WORK REQUIRED:
In your copy, leave out the pictures; write out all the data exactly.

--- RECORDS FOR PROCESSING Enclosed Below ---

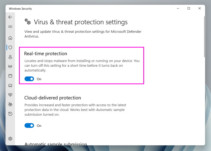 3.Na próxima tela, desative oProteção em tempo realalterne para desligar o utilitário antivírus.
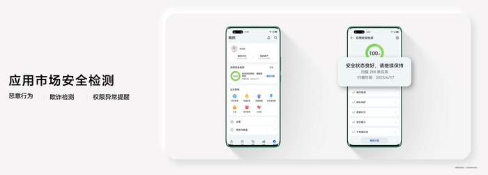 华为应用市场升级应用安全检测功能,全天定期自动扫描此设备是否存在贷款诈骗、刷单诈骗、冒充客服诈骗等风险应用,让用户可以及时了解应用安全状态,并为用户提供操作处理建议。
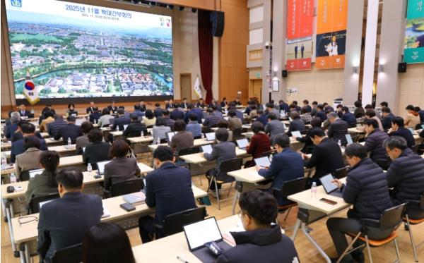 이날 회의에서는 이 외에도 여러 부서가 연말 주요 사업의 추진 상황을 차례로 보고하며 부서 간 협업 사항을 점검했다.
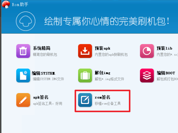 9、返回“Rom助手”,点击“rom签名”。
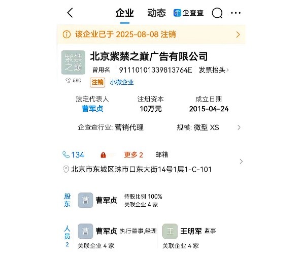 要理清这事儿,得从更早的一份租赁合同说起。瑞可金公司和北京紫禁之巅广告有限公司(法定代表人曹某某)签过租房协议,把西城区鼓楼西大街61号那27间房、总共397平方米的场地租给了紫禁之巅,租期从2018年11月1日到2028年12月1日,现在还在存续期里,也没有任何解除条款。而二哈文化的法定代表人董总,代表紫禁之巅签署的该协议。这才有了二哈文化和听云轩的合作。更有意思的是,康卫某曾在北城另一个相声团体班主“君不君”的直播里,自曝“二哈”这个字号是他起的,当时还调侃称:“第二个嘻哈(包袱铺)”明眼人一看就知道,他在这串合作链条里,掺得有多深。 可变故来得猝不及防。2025年8月8日,紫禁之巅公司办了简易注销。有人说,这和后来传闻要入驻的喜笑会有关,可喜笑会官宣“二进宫”广茗阁是在8月底9月初,和公司注销压根搭不上边。即便紫禁之巅注销了,按法律规定,公司股东也能接着行使租赁协议里的权利,这份租赁合同,可没那么容易失效。

--- End of Enclosed RECORDS FOR PROCESSING ---

TASK OUTPUT:
 3.Na próxima tela, desative oProteção em tempo realalterne para desligar o utilitário antivírus.
 华为应用市场升级应用安全检测功能,全天定期自动扫描此设备是否存在贷款诈骗、刷单诈骗、冒充客服诈骗等风险应用,让用户可以及时了解应用安全状态,并为用户提供操作处理建议。
 이날 회의에서는 이 외에도 여러 부서가 연말 주요 사업의 추진 상황을 차례로 보고하며 부서 간 협업 사항을 점검했다.
 9、返回“Rom助手”,点击“rom签名”。
 要理清这事儿,得从更早的一份租赁合同说起。瑞可金公司和北京紫禁之巅广告有限公司(法定代表人曹某某)签过租房协议,把西城区鼓楼西大街61号那27间房、总共397平方米的场地租给了紫禁之巅,租期从2018年11月1日到2028年12月1日,现在还在存续期里,也没有任何解除条款。而二哈文化的法定代表人董总,代表紫禁之巅签署的该协议。这才有了二哈文化和听云轩的合作。更有意思的是,康卫某曾在北城另一个相声团体班主“君不君”的直播里,自曝“二哈”这个字号是他起的,当时还调侃称:“第二个嘻哈(包袱铺)”明眼人一看就知道,他在这串合作链条里,掺得有多深。 可变故来得猝不及防。2025年8月8日,紫禁之巅公司办了简易注销。有人说,这和后来传闻要入驻的喜笑会有关,可喜笑会官宣“二进宫”广茗阁是在8月底9月初,和公司注销压根搭不上边。即便紫禁之巅注销了,按法律规定,公司股东也能接着行使租赁协议里的权利,这份租赁合同,可没那么容易失效。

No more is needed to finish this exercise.